LA TRIBUNE - Quel bilan tirez-vous de l'année 2020 dans un contexte compliqué en raison de la crise du Covid-19 ?
STÉPHANE ISRAËL, PDG D'ARIANESPACE - Effectivement, le contexte a été très compliqué avec une année 2020 marquée par un événement totalement inattendu la crise du Covid. Elle a entraîné l'arrêt des campagnes de lancement au Centre spatial guyanais pendant deux mois. Par ailleurs, notre client OneWeb a été placé en Chapter 11, le régime américain des faillites, avec pour conséquence une interruption brutale de l'activité à partir du mois de mars. Enfin, des projets de satellites, qui auraient pu nous permettre de lancer une quatrième Ariane 5 cette année, ont été retardés. Finalement, Arianespace a terminé l'année avec 10 lancements (cinq Soyuz, trois Ariane 5 et deux Vega). Soit un de plus qu'en 2019. On est dans la moyenne de ce qu'on fait depuis 2014 où on réalise à peu près 11 lancements par an, dans un contexte où il y a eu plusieurs mois d'activité gelée.

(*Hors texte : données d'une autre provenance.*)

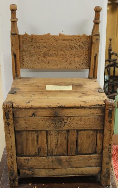 (Hefur upphaflega verið armstóll). Með útskorinni bakfjöl og þar á ártalið 1745 og fangamark OMD.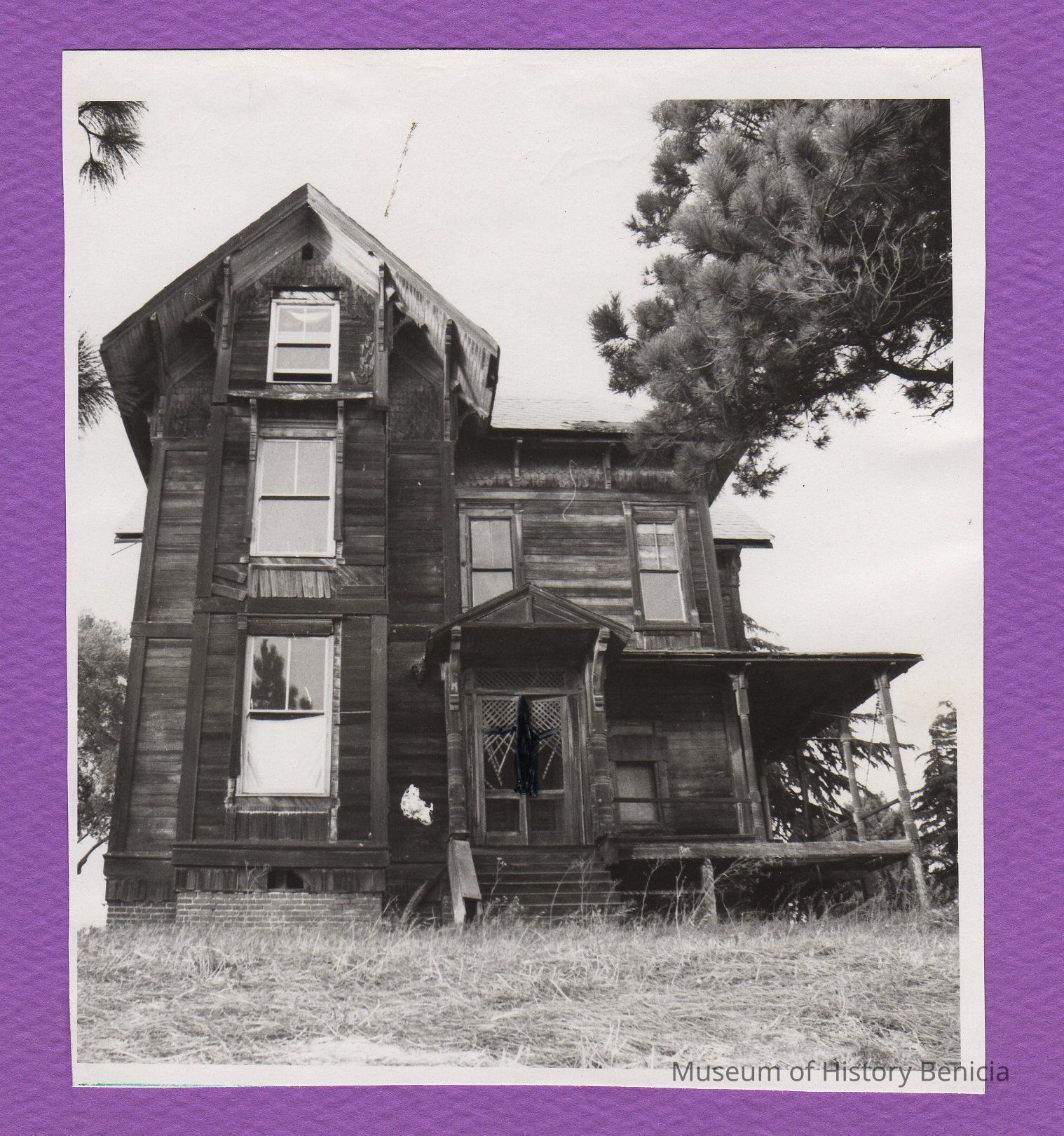 B/W Photograph: per back: W. L. Crooks home on Benicia waterfront West G Street. Mayor of Benicia, Crooks lived here for many years and his home was a showplace. Home is shown in dilapidated condition before it was restored in the 1980's.Collection
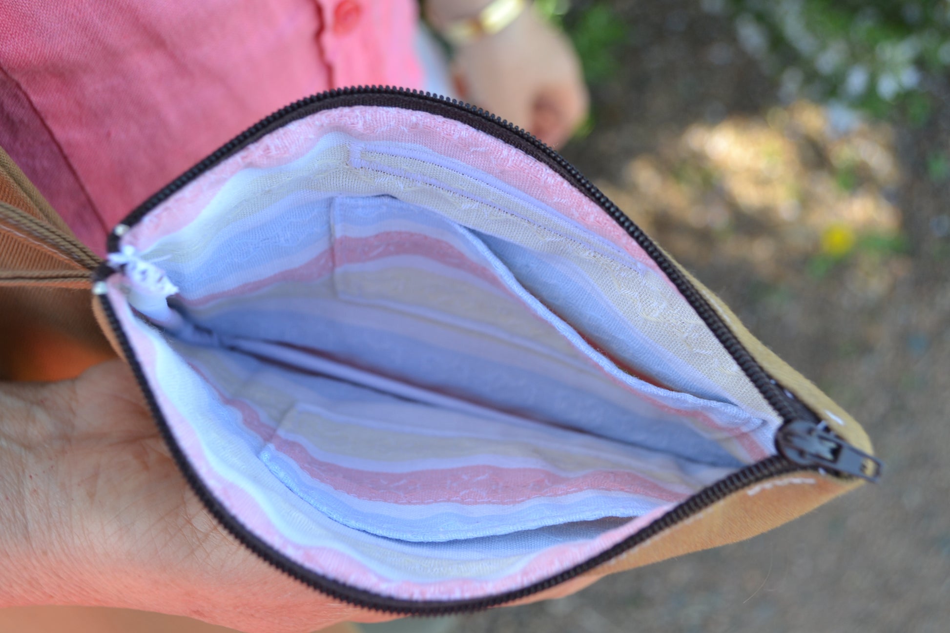 Für diese Tasche&Geldbörse wurde Second Hand Stoff verwendet.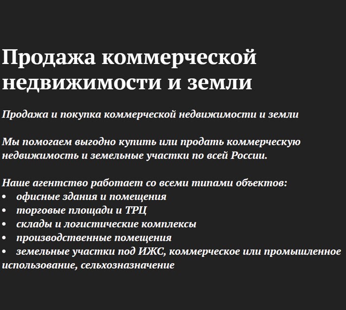 Мы помогаем выгодно купить или продать коммерческую недвижимость и земельные участки по всей России.

C'est quand même très satisfaisant de terminer à dix lancements et nous le devons à l'implication de l'ensemble des équipes d'Arianespace, de ses partenaires industriels,ainsi que du CNES et de l'ESA.
Quel est votre analyse sur cette année si particulière ?

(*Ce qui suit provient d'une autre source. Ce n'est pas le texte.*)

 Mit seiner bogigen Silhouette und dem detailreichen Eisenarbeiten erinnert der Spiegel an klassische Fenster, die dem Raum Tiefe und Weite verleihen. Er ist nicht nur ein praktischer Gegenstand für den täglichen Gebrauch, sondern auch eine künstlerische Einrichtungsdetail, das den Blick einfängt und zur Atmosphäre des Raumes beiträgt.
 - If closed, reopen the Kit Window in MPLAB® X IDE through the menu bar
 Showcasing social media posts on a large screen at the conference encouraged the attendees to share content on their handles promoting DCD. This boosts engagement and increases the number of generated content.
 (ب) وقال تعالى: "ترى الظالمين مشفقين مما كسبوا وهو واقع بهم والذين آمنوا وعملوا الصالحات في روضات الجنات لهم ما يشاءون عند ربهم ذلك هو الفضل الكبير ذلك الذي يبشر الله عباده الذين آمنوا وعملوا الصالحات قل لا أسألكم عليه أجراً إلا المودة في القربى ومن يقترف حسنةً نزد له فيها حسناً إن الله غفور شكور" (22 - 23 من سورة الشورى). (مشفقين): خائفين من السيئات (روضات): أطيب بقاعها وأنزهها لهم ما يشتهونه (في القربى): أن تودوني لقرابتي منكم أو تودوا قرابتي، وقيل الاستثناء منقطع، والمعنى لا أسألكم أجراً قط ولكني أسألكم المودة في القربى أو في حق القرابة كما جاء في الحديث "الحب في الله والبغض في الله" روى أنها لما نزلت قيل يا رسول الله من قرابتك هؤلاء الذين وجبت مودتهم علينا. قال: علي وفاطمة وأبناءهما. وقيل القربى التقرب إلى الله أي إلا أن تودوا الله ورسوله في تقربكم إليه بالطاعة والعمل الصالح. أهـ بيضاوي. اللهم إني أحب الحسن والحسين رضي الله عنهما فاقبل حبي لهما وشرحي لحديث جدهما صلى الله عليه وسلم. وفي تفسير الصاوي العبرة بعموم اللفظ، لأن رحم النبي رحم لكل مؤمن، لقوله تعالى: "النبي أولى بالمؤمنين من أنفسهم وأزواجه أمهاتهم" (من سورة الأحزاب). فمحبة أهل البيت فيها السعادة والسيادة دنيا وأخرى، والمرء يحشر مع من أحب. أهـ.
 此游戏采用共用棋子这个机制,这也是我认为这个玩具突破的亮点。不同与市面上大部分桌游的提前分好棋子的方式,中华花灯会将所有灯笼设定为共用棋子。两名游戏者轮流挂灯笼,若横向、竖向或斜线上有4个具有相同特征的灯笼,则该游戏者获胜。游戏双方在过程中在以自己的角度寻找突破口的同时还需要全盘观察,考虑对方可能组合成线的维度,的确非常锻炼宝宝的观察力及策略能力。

Je fais deux constats forts. C'est d'une part, pour Arianespace, la prédominance des lancements commerciaux sur les dix réalisés l'année dernière. En 2020, nous n'avons opéré que deux lancements strictement institutionnels : le satellite d'observation militaire CSO-2 sur Soyuz ainsi que les satellites Taranis (CNES) et Seosat-Ingenio (ESA) sur Vega, qui malheureusement a été un échec. Un troisième lancement, le Vega multiple avec 53 satellites a fait l'objet d'un soutien de la Commission européenne et de l'ESA tout en étant majoritairement commercial. Ce bilan n'a pas d'équivalent : la domination du commercial par rapport à l'institutionnel est vraiment une singularité d'Arianespace qui la distingue de ses concurrents. D'autre part, nous avons réalisé cette année des lancements très innovants qui montrent bien les évolutions de ce marché. Sur le segment géostationnaire (GTO), nous avons réalisé pour la première fois un lancement triple, avec le véhicule de service en orbite MV2. Nous avons lancé à trois reprises des satellites de la méga-constellation OneWeb. Enfin, nous avons, avec le Vega que je viens d'évoquer, réussi une mission qui comportait 53 charges utiles. Cette année est à la fois très représentative de notre exposition au segment commercial, des évolutions du marché et de notre capacité à y répondre par de nouveaux services.